A closer examination reveals a possible explanation for this potential outlier. In Versilia, Nice and Gothenburg, the
d1 extraction buffers intersect areas with a higher presence of POIs compared to those at
d0, resulting in richer 1200-m downloads (
Figure 5). Conversely, in Vienna, both
d0 and
d1 fall within uniformly dense urban areas, leading to more consistent retrievals across distances.
As highlighted in Anselmi et al. [
32], a key limitation in Google’s data retrieval mechanism lies in its cap of approximately 60 POIs per
PlaceType per request. Consequently, in high-density zones where specific categories surpass this threshold, the downloaded dataset underrepresents the actual amenity landscape available within Google’s full database. This limitation likely contributes to the non-monotonic behaviour of the Percentage Change function observed in Nice, Gothenburg, and Versilia—where the number of POIs retrieved at
d1 surpass those at
d0.
To illustrate this phenomenon,
Figure 6 presents the case of Versilia: while the
d0-centred areas show comparable POI counts among the 1200 m- and the 8000 m clipped- extraction, the peripheral
d3-centred area demonstrates a stark discrepancy, with the 8000 m clipped download capturing significantly fewer amenities than the localized 1200-m extraction. These patterns imply that Google Maps retrievals lose spatial consistency as the distance from the query centre increases, particularly when large-scale urban extents are involved. Alongside the ranking algorithm, which reflects user interaction with the platform, the spatial positioning of POIs relative to the requester—that is, the extraction point—emerges as a key element in the logic governing the retrieval of places in Google Maps.
5.2.2. Implications
Overall, these findings highlight a critical limitation in using Google Maps for urban-scale bulk downloads: broader-radius queries introduce distortions, especially at the periphery, due to algorithmic biases and ranking filters. In contrast, downloads with a smaller radius yield more accurate and spatially consistent datasets, although they may still be affected by additional category-related distortions, as highlighted by Anselmi et al. [
32]. OpenStreetMap, by comparison, shows no sensitivity to either radial extent or distance from centroid, confirming its internal consistency and suitability for uniform spatial sampling.

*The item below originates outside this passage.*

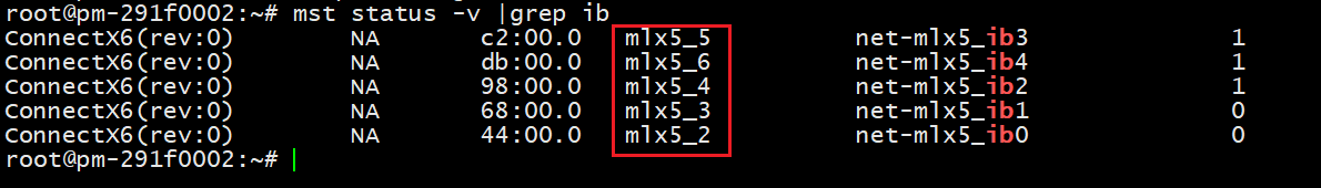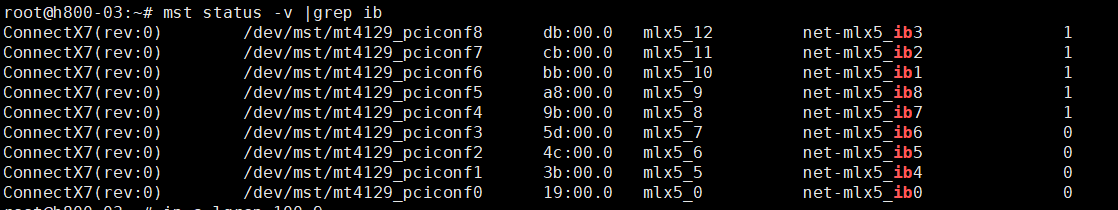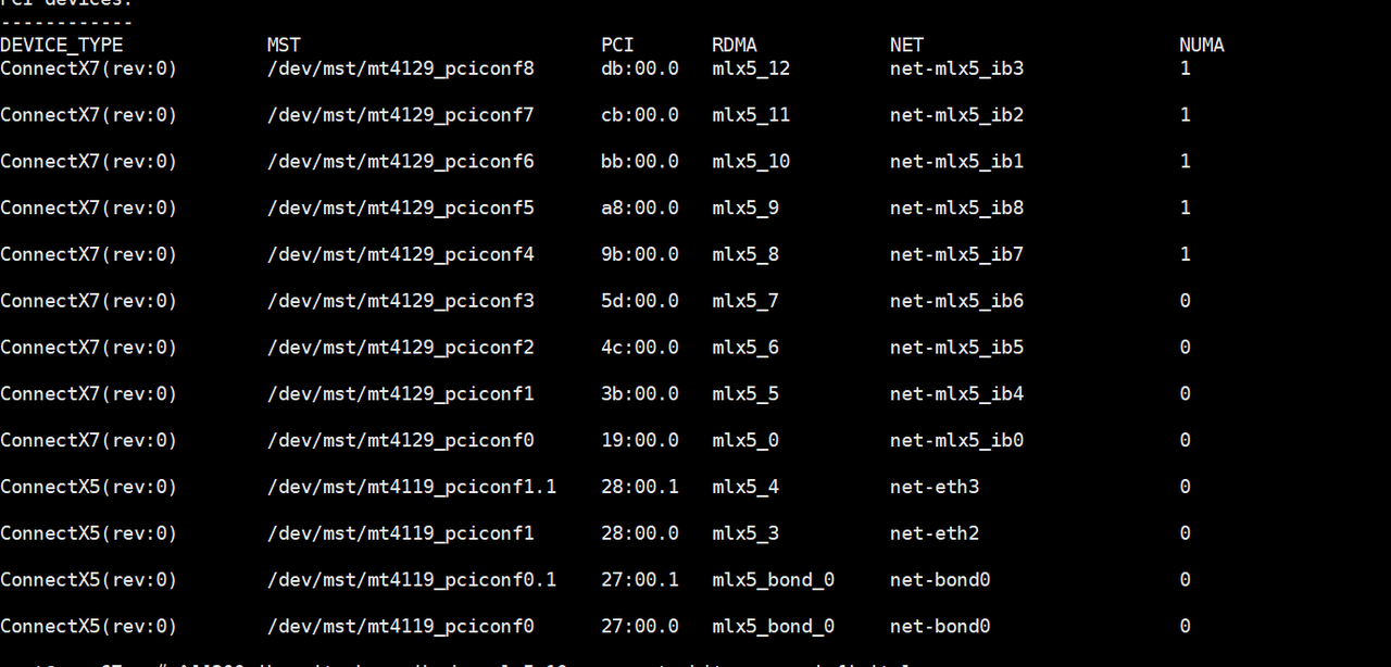 上述mst命令输出机器上所有IB网卡名称,包括用于存储的IB网卡以及用于计算的IB网卡,需要进一步区分计算IB网卡和存储IB网卡。

5.3. Semantic Divergence and the Representation of Key Urban Functions
This stage of the analysis examines how semantic categorisation influences the representation of urban amenities in OSM and Google Maps. A marker-based approach was used to assess the consistency, completeness, and spatial overlap of specific place types, focusing on how classification frameworks shape coverage and reliability. Three urban amenities—selected for their everyday relevance and relatively straightforward cross-platform mapping—were analysed: pharmacies (OSM value = pharmacy, GM place type = pharmacy), bookstores (OSM value = books, GM place type = book_store), and bars (OSM value = bar, GM place type = bar). Given the findings from
Section 5.2, the comparison was conducted within a 1200 m radius, where GM data had previously shown greater completeness.
5.3.1. Quantitative Trends
nsSMAPE values for these markers are often negative, indicating that OSM generally underrepresents these functions compared to Google Maps—contrary to aggregate patterns at larger scales. However, no consistent spatial trend emerges across the cities.
Figure 7 illustrates that the datasets are not simple subsets of each other: in most cases, there is substantial spatial divergence between the two sources, even when amenity counts are similar. Exceptions include bookstores in Nice, pharmacies in Versilia and Vienna, and bars in Gothenburg—though the latter displays notably sparse coverage. In contrast, spatial mismatch is evident in most other cases, including pharmacies and bookstores in Gothenburg, where the absolute counts are equal, but locations differ.
Among all cases, Versilia exhibits the highest average SMAPE values, driven by a significant underrepresentation in OSM across all three categories.
5.3.2. Semantic Complexity
Although the three selected markers—pharmacies, bookstores, and bars—may appear semantically unambiguous, closer inspection of the categorisation systems used by OpenStreetMap (OSM Map Features) and Google Maps (Google Maps Platform) reveals notable divergences. While both platforms provide taxonomies, these are neither mutually aligned nor internally consistent. As a result, one-to-one correspondence between categories is often unattainable in practice, despite superficial semantic similarities.
This complexity stems from several factors. As noted by Biljecki et al. [
33], variations in language, cultural context, and socio-spatial interpretations shape how amenities are perceived and tagged. For instance, the category “bar” may encompass vastly different establishments across countries and platforms—ranging from cafés to nightclubs—leading to inconsistencies in visibility, classification, and retrieval.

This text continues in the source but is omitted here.